In 2019-2020, workers of Qatar Meta Coats deployed on a World Cup site were not paid for several months. The workers had filed complaints and exhausted all resources to do so, to no avail. It took a report from Amnesty International for workers to receive their dues. One of the affected workers summarises the crux of the issue: “The company has so much advantage over workers that you regret going to the court. Whatever the company decides, Qatar favours them. Workers are suffering because the companies rule.”

In 2019 about 550 employees of Imperial Trading and Contracting Company stopped receiving their salaries. Complaints filed against the company have done little to retrieve their dues, and the employees continue to wait in vain. Not only did the WPS not flag this issue in time, but the fund that was supposed to help workers in a timely manner has not been used. 

Bee arrived in Qatar in 2018 to work as a domestic worker. She faced severe abuse and non-payment. In June 2019 she contacted MR for help, but because she did not have access to a personal phone and because she feared retribution, she could not complain directly to the authorities. In November 2019 she managed to reach the Indian embassy. However, neither the government authorities nor the embassy could convince the employer to return her confiscated passport and pay her due wages. In January 2020, she travelled back home empty-handed on a temporary travel document. 

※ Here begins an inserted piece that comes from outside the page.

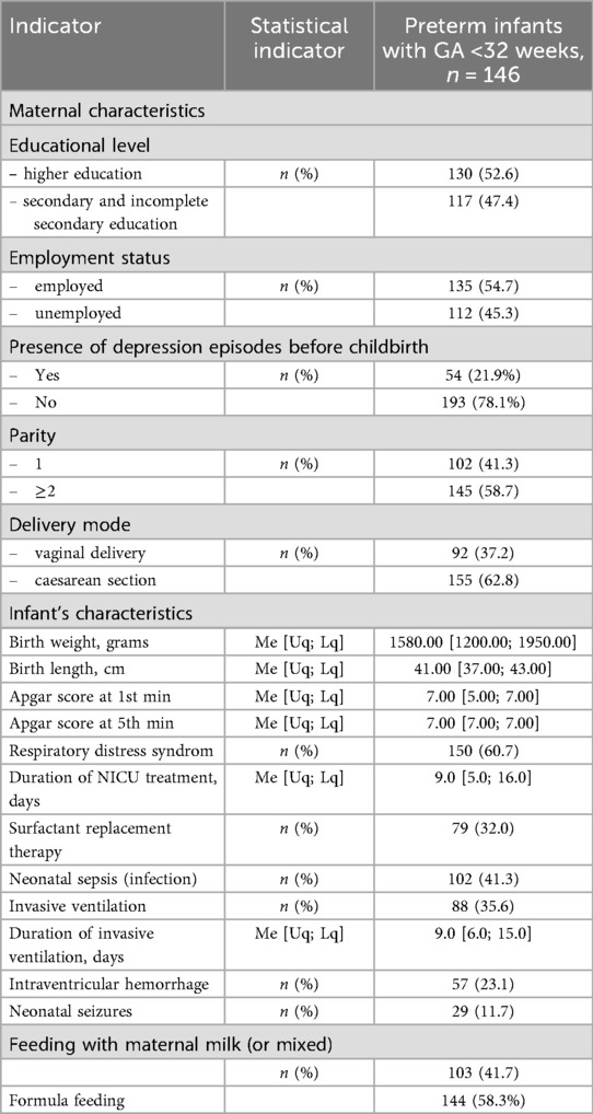 There were 146 mothers of infants with GA <32 weeks (extremely and very preterm infants) and 101 mothers of infants with GA > 32 weeks (moderately and late preterm infants). The average GA of infants was 32.0 [30.0; 33.0] weeks. There were 143 (57.9%) boys and 66 (42.1%) girls. Anthropometric indicators (birth weight, birth length), Apgar score and clinical characteristics of infants are presented in Table 1.

In October 2020 a domestic worker who contacted the police because she was facing sexual harassment at the hands of her employer was rescued and then detained because the employer had filed a runaway case against her. (MR’s report on this case to follow soon.)

In the last seven months, we have witnessed a rise in employers flexing their unlimited power. During Covid-19 lockdowns and business downturn, in order to renege on their obligations to continue paying for accommodation and food, false absconding and theft cases were filed against workers who have no knowledge of the system and how to navigate it. 

Unlike MADLSA, the Ministry of Interior (MoI) does not engage effectively with civil society actors. Even embassies, where they are present, have a template letter requesting the release of detained workers or resolution of the case, but the letter does not necessarily expedite the process. For workers who come from countries that do not have a diplomatic presence in the country, their detention could continue for a very long time unless the employer shows some ‘leniency.’ 

Workers’ rights are not about the labour code and their access to justice is not about the labour systems alone. It is all about who their sponsor is. And that is why the Kafala system, despite reforms, continues to reign.  

The more powerful the Kafeel, the less they are held accountable. Given the size of the citizen population and how interlinked the different families are, everyone knows everyone else. While the degrees of power may vary, there’s enough vested in the majority of this small group to intimidate those they employ.